So if I may ask, do you mean that you have been focused primarily on your trans issue that you never thought about your orientation?

No, not really. I think I'm asexual. I'm kind of blind to these things.  But I played a role for so long and I was so far from myself... In my case it might just be that I'm just not there yet. I was victim of abuse at school when I was young and I always wonder if this orientation thing is like that because of trauma. I don't know.

 

I dated girls for years but after transition, dating girls didnt seem to feel right anymore.Girls cease to like me and I began to notice guys and they were noticing me. Well either way, I think on dates it would be appropriate for you to mention that you're trans.

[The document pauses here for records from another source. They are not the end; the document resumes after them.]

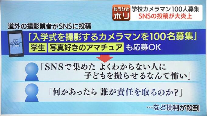 2月に、道外の写真業者が、「入学式を撮影するカメラマンを100名募集」とSNSに投稿しました。
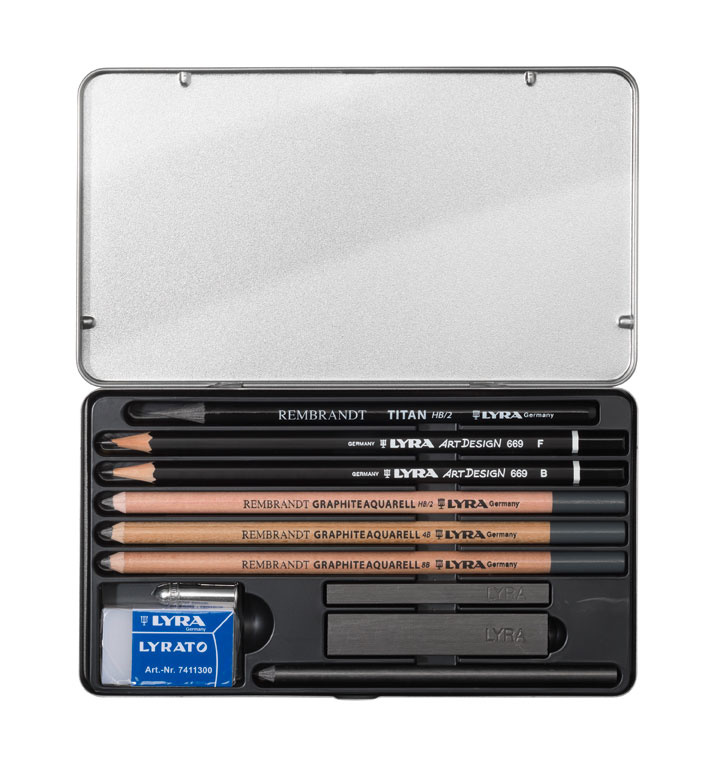 • Includes: 11-piece set: 1 Titan pencil (HB), 1 Art Design graphite pencil (F), 1 Art Design graphite pencil (B), 1 Water-soluble graphite pencil (HB), 1 Water-soluble graphite pencil (4B), 1 Water-soluble graphite pencil (8B), 1 Graphite Stick (7x7 mm - 4B), 1 Graphite stick (7x14 mm - 6B), 1 Graphite pencil (2B), 1 rubber, 1 Pencil cap.
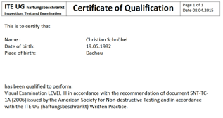 - • Sichtprüfung Stufe 3 ISO 9712 und Level III nach Written Practice (SNT-TC-1A)
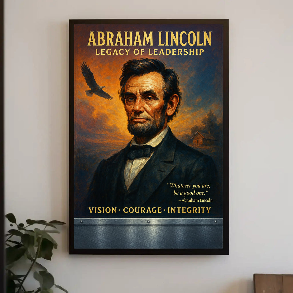 Perfect for historians, educators, leaders, and anyone who values iconic imagery and inspirational decor, this presidential poster makes a memorable focal point in any room. Add the Abraham Lincoln Leadership Portrait to your collection from PosterGoat today — bring vision, courage, and integrity to your walls.

I always mention it from the very beginning but I was just saying that for the internet like... let me have some real conversation before telling it. ;)

 

Naturally the questions will come. It gets old but most people are just curious and want to know more. Google is a good friend but theres nothing like getting it first hand. Weather its a guy or girl you fancy, there is no right or wrong decision. Trans folk come in many different forms. And if u need time to figure it out thats ok. Theres no time limit sweetie.

Yeah, I've tried dating girls and boys alike. I'm totally ok with either of them. The only thing is that it's a little like religion, you can't fake it. If I force myself either way and lie it's really bad for the other person. That's why i'm just confused :P

Hope yo hear from ya!

thank you for your time, it's been great just talking about it.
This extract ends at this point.